NotebookLM doesn’t really need an introduction; it’s one of the best and most popular research assistants and learning tools out there. However, when you use it right out of the box, it can feel a tad generic. Even if you give it a very specific prompt, it might not give you the exact answer you’re looking for. Sometimes, it also assumes you know more about the subject than you actually do, so some of its responses don’t always click. I especially run into this issue when I’m researching topics I’m unfamiliar with.

And then NotebookLM introduced Custom Mode. This is almost like a system prompt for individual notebooks, allowing you to configure how the AI behaves and responds. It completely changed how I use NotebookLM and how much value I get out of it. Here’s how I’ve been using it…

What is NotebookLM's Custom Mode?

The feature that lets you mod NotebookLM

NotebookLM has been rolling out additional features throughout 2025; one of those is the Custom Mode.

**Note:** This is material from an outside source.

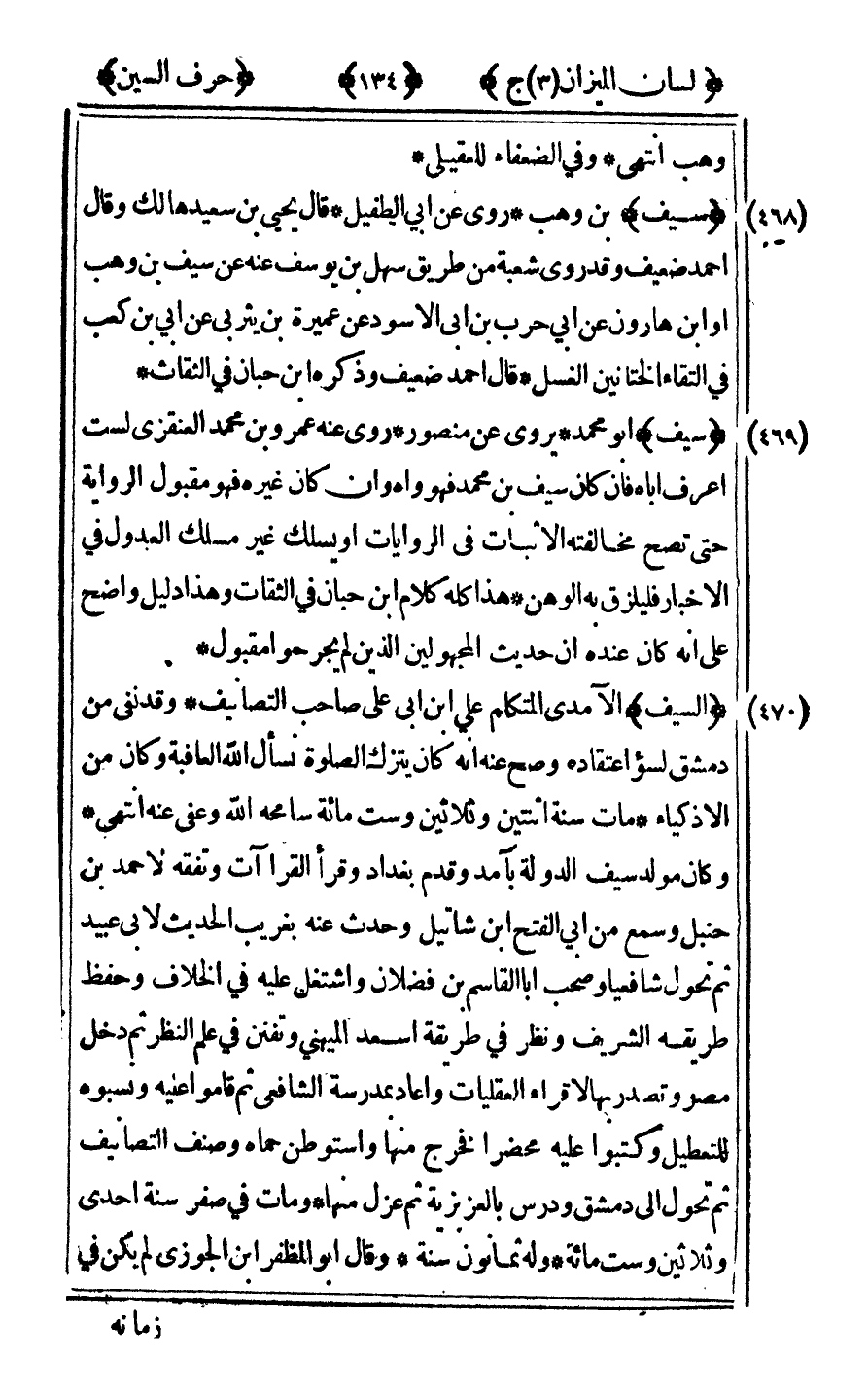 [469] "سيف" أبو محمد يروى عن منصور روى عنه عمرو بن محمد العنقزي لست اعرف أباه فان كان سيف بن محمد فهو واه وان كان غيره فهو مقبول الراوية حتى تصح مخالفته الأثبات في الروايات أو يسك غير مسلك العدول في الأخبار فليلزق به الوهن هذا كله كلام بن حبان في الثقات وهذا دليل واضح على أنه كان عنده ان حديث المجهولين الذين لم يجرحوا مقبول.

It’s a relatively new NotebookLM configuration setting that works a lot like a system prompt, but only applies to a single notebook instead of your entire NotebookLM account.

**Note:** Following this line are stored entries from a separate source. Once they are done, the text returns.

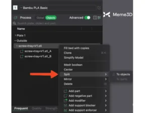 Lúc này, bạn cần nhấp chuột phải vào mô hình chính, chọn Split → To objects . Thao tác này sẽ biến mô hình đã cắt thành hai mô hình khác nhau có thể di chuyển độc lập trong Bambu Studio.
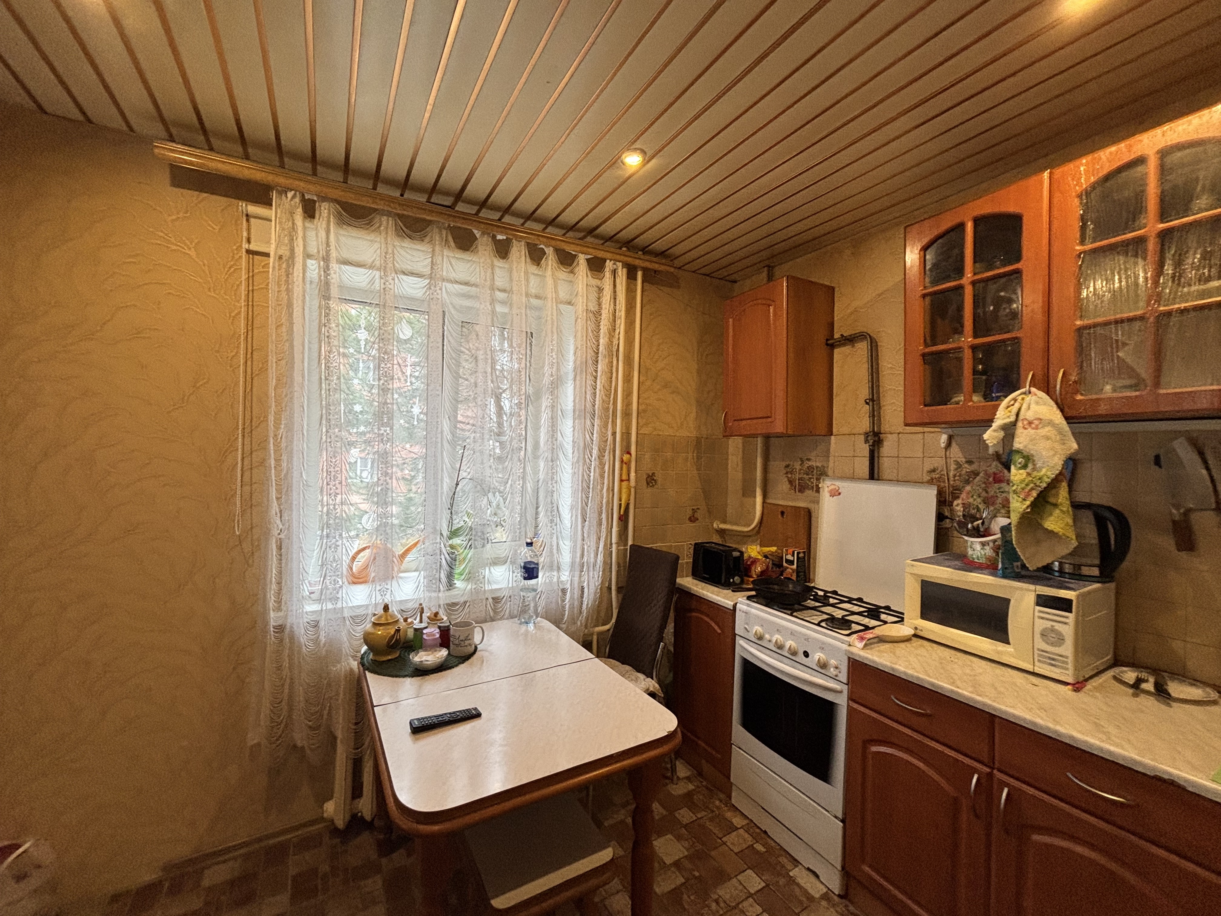 - В квартире косметический ремонт Окна ПВХ, на полу в кухне и санузле - плитка, в комнате и прихожей-ламинат, стены в санузле выложены керамической плиткой, в комнате и прихожей стены поклеены обоями светлых тонов.
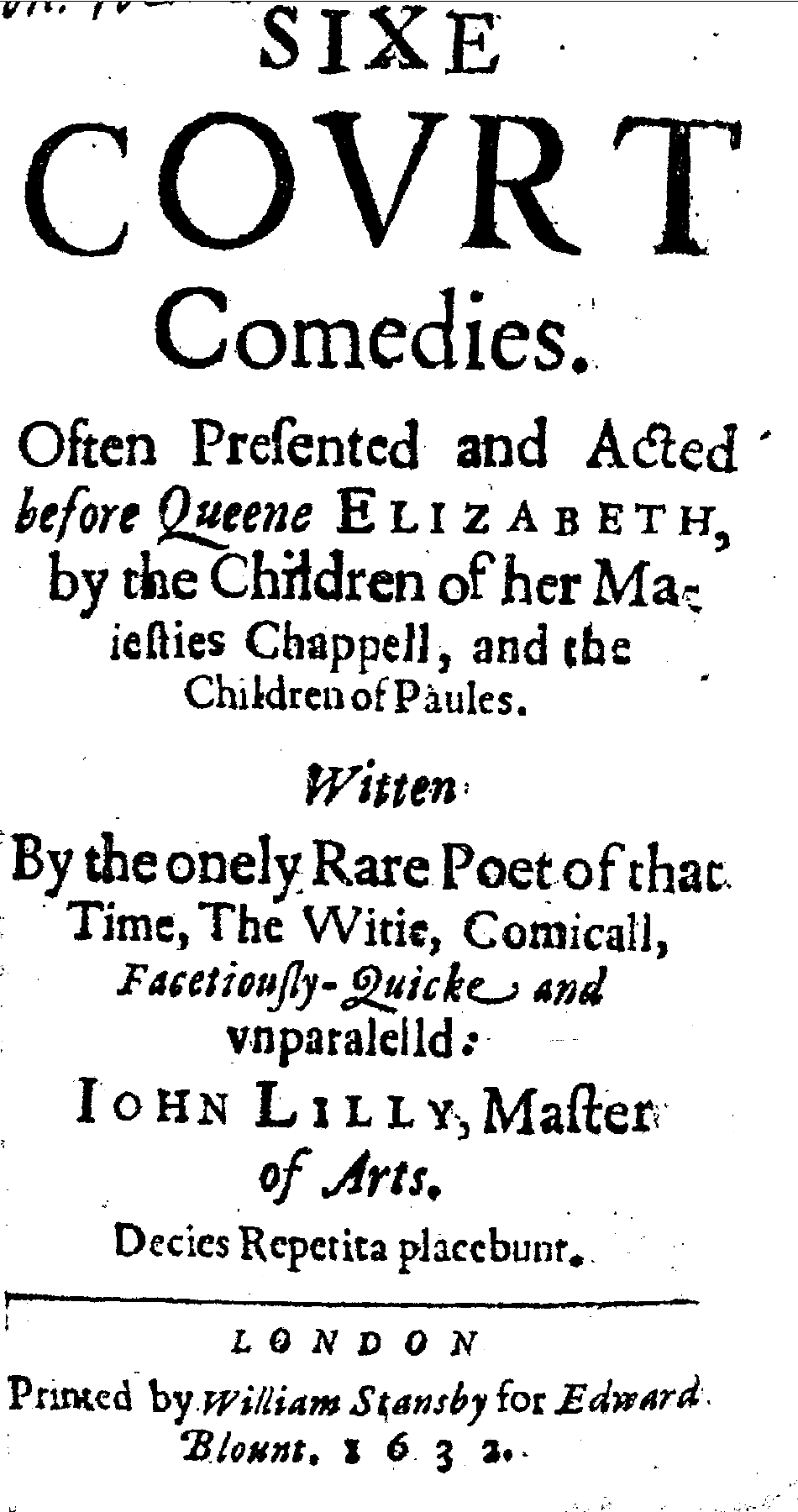 릴리의 희곡 첫 번째 컬렉션인 ''6개의 궁정 희극''(Six Court Comedies)은 1632년 에드워드 블런트(Edward Blount)에 의해 12절판으로 출판되었는데, 이는 셰익스피어의 희곡 두 번째 폴리오(Second Folio)가 출판된 해와 같다. 이 컬렉션에는 ''엔디미온'', ''캠파스페'', ''사포와 파오'', ''갈라테아'', ''미다스'', ''마더 봄비''가 순서대로 수록되어 있다. 마지막 두 작품인 ''달 속의 여인''과 ''사랑의 변신''은 이 컬렉션에서 제외되었다. 이 컬렉션을 통해 ''캠파스페''와 ''갈라테아''의 노래가 처음으로 인쇄되었다.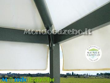 IL telo del gazebo è in PVC ad alta densità con grammatura pesante di 650 g/m2 ignifugo certificato classe 2.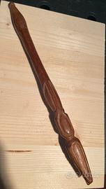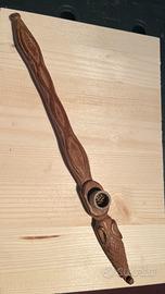 Pipa artigianale in legno intagliato a mano, stile rustico/etnico. Oggetto decorativo ma utilizzabile, con dettagli scolpiti e lavorazione artigianale. In buone condizioni generali, come da foto. Ideale per collezionisti o come pezzo d’arredo originale.

Just like a system prompt, you can give NotebookLM context about your skill level on a topic so it doesn’t overcomplicate explanations or assume prior knowledge. You can also instruct it on how you want information delivered - such as short bullet points, table formats, step-by-step explanations, or practical examples. You can even specify tone and grammar preference or things you explicitly don’t want.

I actually created an “AI version” of myself with NotebookLM and relied on the Custom Mode to do it. And in doing this, I’ve managed to get the AI to forgo all capital letters in its responses despite it not being proper grammar, which demonstrates how accurately this mode operates.

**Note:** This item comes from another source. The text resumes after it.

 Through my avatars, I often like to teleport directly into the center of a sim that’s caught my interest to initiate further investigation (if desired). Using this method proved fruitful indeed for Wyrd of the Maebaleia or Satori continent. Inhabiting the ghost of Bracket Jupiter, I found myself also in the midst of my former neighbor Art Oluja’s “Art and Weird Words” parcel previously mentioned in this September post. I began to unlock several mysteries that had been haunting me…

Custom Mode is especially useful when you use NotebookLM for very different purposes. One notebook might be for technical learning, another for writing, and another as a dumping ground for your journal entries. So instead of explaining the format and tone you want in every prompt, Custom Mode keeps those rules in place until you modify or remove them.

You can find the feature by going to the slider icon in the top-right of the chat panel. This will open a Configure Chat window. Under “Define your conversational goal, style, or role”, select Custom and enter your prompt.

How I make the most of NotebookLM’s Custom Mode

Getting personalized and consistent outputs

I use Custom Mode to save time and reduce any friction I used to have in my notebooks. So after adding my sources, but before I start prompting NotebookLM, I set a few rules based on what that notebook is for. This way, I don’t have to keep correcting responses or restating context.

For learning-heavy notebooks, I tell it my current skill level and how I want it to formulate its responses, followed by practical examples when necessary. I also ask it to avoid assumptions and skip filler. This is especially useful for coursework or more technical topics.

For example, here’s my current Custom Mode prompt for my UX design learning notebook:

You are helping me learn and refine UX design skills. Assume I already understand:

-Core UX principles

-User flows, wireframes, usability basics

Do not explain fundamentals unless I explicitly ask. Treat me as intermediate:

-I want sharper reasoning, not definitions.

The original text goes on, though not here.